PROVIDED DATA:
━━━

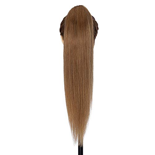 Elailite Extension Coda di Cavallo Capelli Veri Clip Effetto Realistico Ponytail Pinza Remy Human Hair Lisci per Coda Finta 50cm 120g 6# Castagna
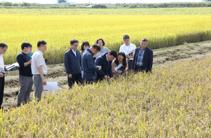 이 청장은 이날 전북특별자치도 김제시 부량면 일대 벼 재배지를 찾았다. 현장에서 이 청장은 수확을 앞둔 벼 품질과 수량을 지키기 위한 세심한 관리를 강조하고, 논물 완전 빼기와 적기 수확을 당부했다.
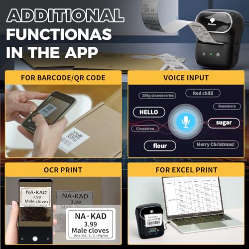 Die dazugehörige App „Print Master“ ist intuitiv gestaltet, was besonders für Benutzer wichtig ist, die keine technischen Kenntnisse haben. Einfache Schritte wie das Auswählen von Etikettengröße und Design machen den Druckprozess sehr reibungslos.

━━━

All that is wanted is each line, word for word, from the first line of the data to the one holding "이 청장은 이날 전북특별자치도", with the pictures left out.

 Elailite Extension Coda di Cavallo Capelli Veri Clip Effetto Realistico Ponytail Pinza Remy Human Hair Lisci per Coda Finta 50cm 120g 6# Castagna
 이 청장은 이날 전북특별자치도 김제시 부량면 일대 벼 재배지를 찾았다. 현장에서 이 청장은 수확을 앞둔 벼 품질과 수량을 지키기 위한 세심한 관리를 강조하고, 논물 완전 빼기와 적기 수확을 당부했다.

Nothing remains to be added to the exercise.